TASK DIRECTIONS: Omit every picture and return the rest of the data unaltered.

DATA SHOWN:
· · · · ·

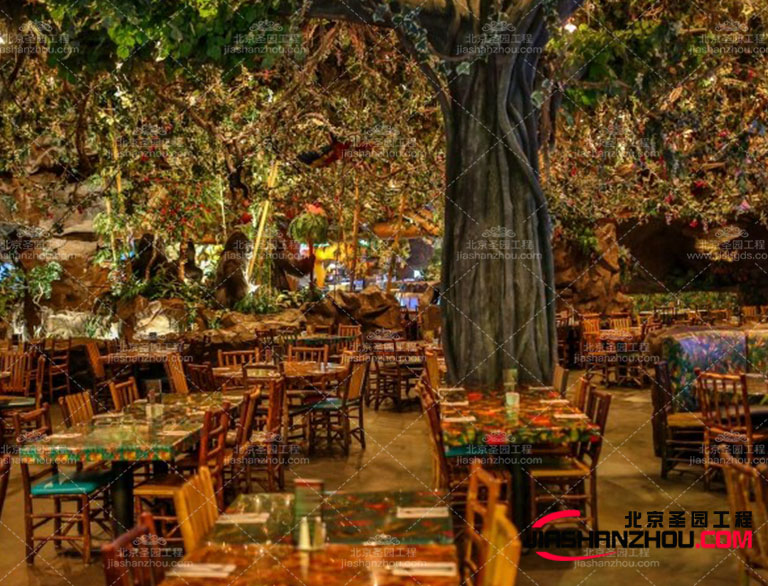 散發(fā)出茶色的光芒,散發(fā)出玫瑰色的光芒,夜晚的仿真洞穴轟趴館要求光線柔和而微妙。調(diào)暗明亮的頭頂燈,將茶燈散落在桌子和餐具柜上不匹配的銀色支架中。磨砂仿真洞穴轟趴館上的節(jié)日燈會在餐桌上散發(fā)出溫暖的光芒。
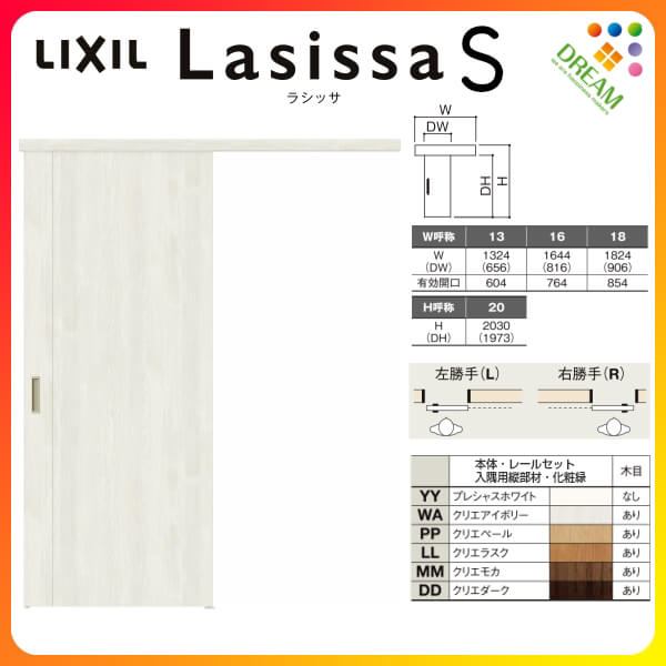 DIYに関する情報 必要技能:大工さん、建具屋さん 必要工具:電動ドリル、電動ドライバー、他 【商品説明】 【納まり図】 LIXIL/リクシルの室内建具 インテリアリビング建材 ラシッサ S ラシッサS(Lasissa S)はファミリーライン(FamilyLine)、ウッディーライン(WoodyLine)の後継商品シリーズで、合わせやすい色目に幅広くオーソドックスなインテリアをカバーするクリエカラーが特徴です。
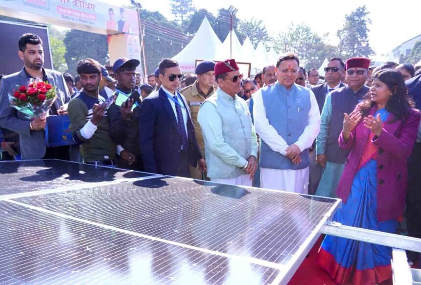 देहरादून । मुख्यमंत्री पुष्कर सिंह धामी ने सोमवार को रेंजर्स ग्राउंड देहरादून में ‘ उत्तराखण्ड के प्रथम सोलर मेले दो दिवसीय ‘सौर कौथिग’ का शुभारंभ किया। इस अवसर पर उन्होंने पीएम सूर्य घर योजना, मुख्यमंत्री सौर स्वरोजगार योजना और सोलर वाटर हीटर योजना के लाभार्थियों को अनुदान राशि के चेक प्रदान करने के साथ ही यूपीसीएल मुख्यालय में बनाई गई सौर ऊर्जा आधारित म्यूरल आर्ट का लोकार्पण भी मुख्यमंत्री ने किया। मुख्यमंत्री ने सौर ऊर्जा जन जागरूकता के लिए चलाई जा रही सोलर वैन को भी हरी झण्डी दिखाकर रवाना किया। इसके माध्यम में आगामी सौ दिनों तक सोलर ऊर्जा से संबंधित विभिन्न जानकारी लोगों को दी जायेगी। साथ ही विभिन्न स्टॉल पर जाकर सौर ऊर्जा के क्षेत्र में किए जा रहे नवोन्मेषी प्रयोगों की जानकारी ली।

· · · · ·

REPLY:
 散發(fā)出茶色的光芒,散發(fā)出玫瑰色的光芒,夜晚的仿真洞穴轟趴館要求光線柔和而微妙。調(diào)暗明亮的頭頂燈,將茶燈散落在桌子和餐具柜上不匹配的銀色支架中。磨砂仿真洞穴轟趴館上的節(jié)日燈會在餐桌上散發(fā)出溫暖的光芒。
 DIYに関する情報 必要技能:大工さん、建具屋さん 必要工具:電動ドリル、電動ドライバー、他 【商品説明】 【納まり図】 LIXIL/リクシルの室内建具 インテリアリビング建材 ラシッサ S ラシッサS(Lasissa S)はファミリーライン(FamilyLine)、ウッディーライン(WoodyLine)の後継商品シリーズで、合わせやすい色目に幅広くオーソドックスなインテリアをカバーするクリエカラーが特徴です。
 देहरादून । मुख्यमंत्री पुष्कर सिंह धामी ने सोमवार को रेंजर्स ग्राउंड देहरादून में ‘ उत्तराखण्ड के प्रथम सोलर मेले दो दिवसीय ‘सौर कौथिग’ का शुभारंभ किया। इस अवसर पर उन्होंने पीएम सूर्य घर योजना, मुख्यमंत्री सौर स्वरोजगार योजना और सोलर वाटर हीटर योजना के लाभार्थियों को अनुदान राशि के चेक प्रदान करने के साथ ही यूपीसीएल मुख्यालय में बनाई गई सौर ऊर्जा आधारित म्यूरल आर्ट का लोकार्पण भी मुख्यमंत्री ने किया। मुख्यमंत्री ने सौर ऊर्जा जन जागरूकता के लिए चलाई जा रही सोलर वैन को भी हरी झण्डी दिखाकर रवाना किया। इसके माध्यम में आगामी सौ दिनों तक सोलर ऊर्जा से संबंधित विभिन्न जानकारी लोगों को दी जायेगी। साथ ही विभिन्न स्टॉल पर जाकर सौर ऊर्जा के क्षेत्र में किए जा रहे नवोन्मेषी प्रयोगों की जानकारी ली।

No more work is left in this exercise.